(INSTRUCTIONS FOR THE TASK)
For the material below, reproduce exactly each line from the one that has "第二,云端服务器教师端监控。" through the one that has "Ushbu uslubiy qoʻllanma", and no others; pictures stay out.

(PROVIDED INFORMATION)
■ ■ ■ ■ ■ ■ ■

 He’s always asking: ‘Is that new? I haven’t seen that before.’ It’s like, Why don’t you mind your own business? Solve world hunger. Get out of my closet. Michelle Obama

■ ■ ■ ■ ■ ■ ■

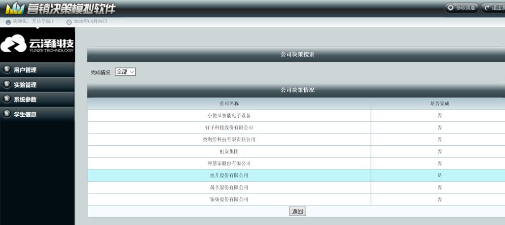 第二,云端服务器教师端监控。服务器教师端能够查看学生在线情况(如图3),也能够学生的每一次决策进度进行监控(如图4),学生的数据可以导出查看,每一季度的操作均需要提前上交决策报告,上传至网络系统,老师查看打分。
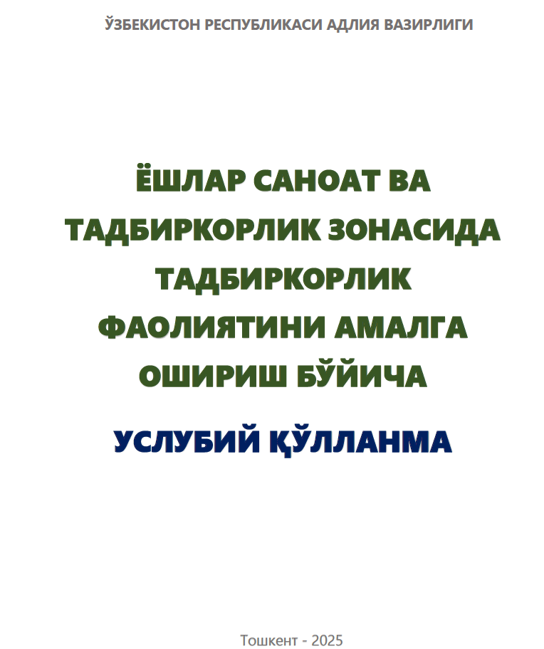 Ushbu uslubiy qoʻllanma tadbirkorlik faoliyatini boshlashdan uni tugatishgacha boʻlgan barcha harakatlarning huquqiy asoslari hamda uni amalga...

■ ■ ■ ■ ■ ■ ■

(RESPONSE BOX)
 第二,云端服务器教师端监控。服务器教师端能够查看学生在线情况(如图3),也能够学生的每一次决策进度进行监控(如图4),学生的数据可以导出查看,每一季度的操作均需要提前上交决策报告,上传至网络系统,老师查看打分。
 Ushbu uslubiy qoʻllanma tadbirkorlik faoliyatini boshlashdan uni tugatishgacha boʻlgan barcha harakatlarning huquqiy asoslari hamda uni amalga...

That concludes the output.